# Recorded data
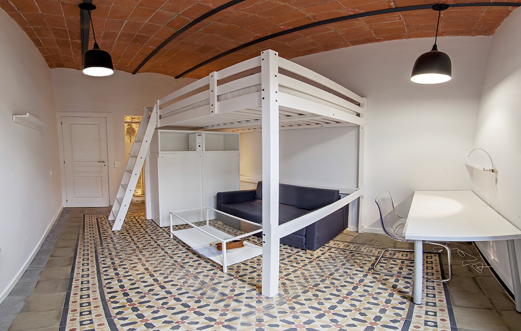 Cette chambre de 15 m2 avec 3m2 de lit double en hauteur est parfaite pour les étudiants en Erasmus ou stage à Barcelone. Lumineuse, avec une porte vitrée qui donne à une véranda sur la cour. La chambre dispose d’un canapé avec une grande table basse, un bureau et chaise de bureau et une grande armoire.
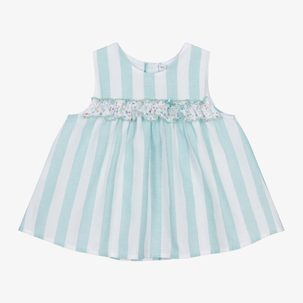 Striped in shades of mint green and white, this sleeveless dress for baby girls is by Spanish brand Paloma de la O. Woven in a light cotton blend, this sweet design has a ruffled panel across the waistline with pretty purple, yellow and blue flowers. Attached is a little satin bow and a round logo charm. The dress has a round neckline, a lined bodice and glossy white buttons on the back. Matching knickers are elasticated on the waist and around the legs for a comfortable fit.
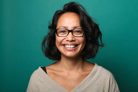 A woman stands against a green wall with a serious expression on her face. Her long hair is styled neatly. The background adds a simple touch to her appearance.
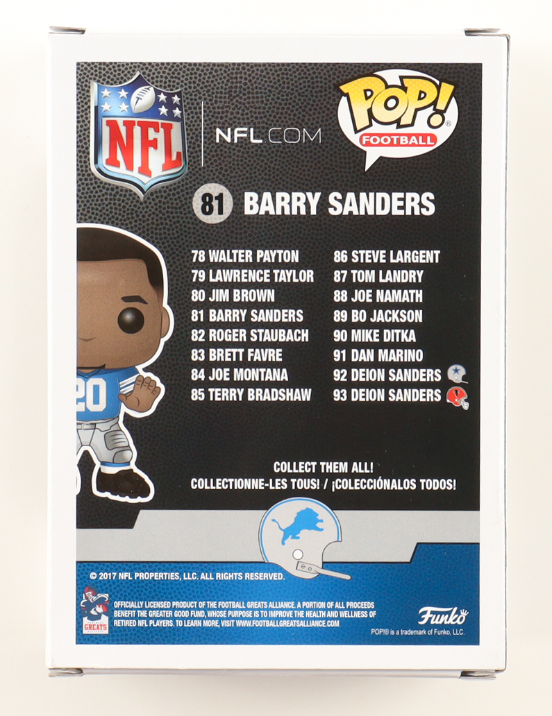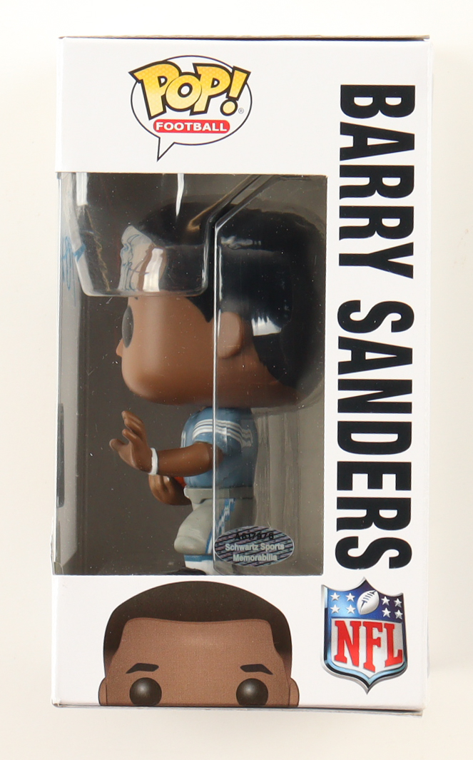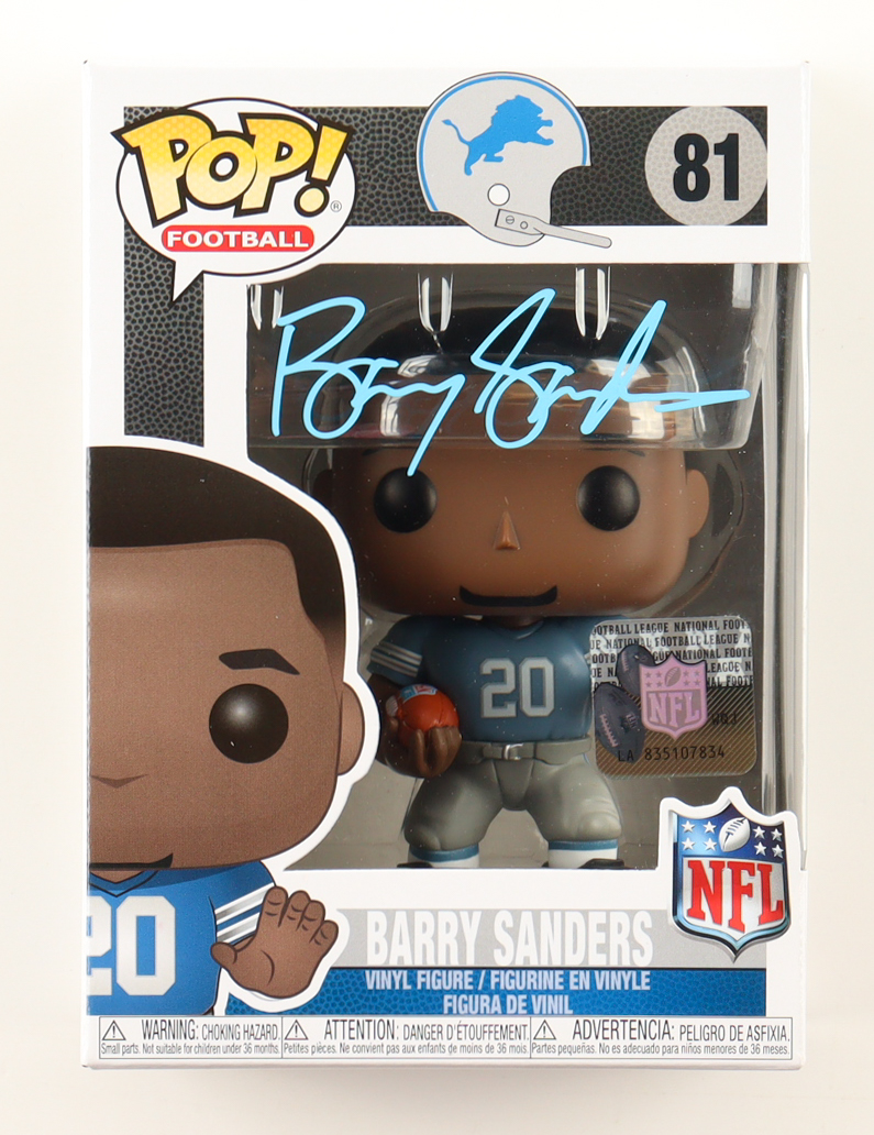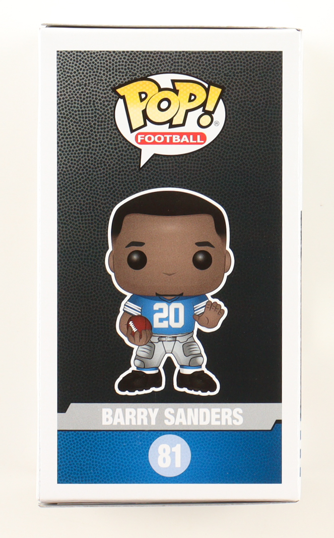 Funko Pop! vinyl figure measures 4" in height. Hand-signed on the packaging by Barry Sanders (Detroit Lions, HOF).

# Problem details
Print out the material verbatim, skipping pictures.

# Written answer
 Cette chambre de 15 m2 avec 3m2 de lit double en hauteur est parfaite pour les étudiants en Erasmus ou stage à Barcelone. Lumineuse, avec une porte vitrée qui donne à une véranda sur la cour. La chambre dispose d’un canapé avec une grande table basse, un bureau et chaise de bureau et une grande armoire.
 Striped in shades of mint green and white, this sleeveless dress for baby girls is by Spanish brand Paloma de la O. Woven in a light cotton blend, this sweet design has a ruffled panel across the waistline with pretty purple, yellow and blue flowers. Attached is a little satin bow and a round logo charm. The dress has a round neckline, a lined bodice and glossy white buttons on the back. Matching knickers are elasticated on the waist and around the legs for a comfortable fit.
 A woman stands against a green wall with a serious expression on her face. Her long hair is styled neatly. The background adds a simple touch to her appearance.
 Funko Pop! vinyl figure measures 4" in height. Hand-signed on the packaging by Barry Sanders (Detroit Lions, HOF).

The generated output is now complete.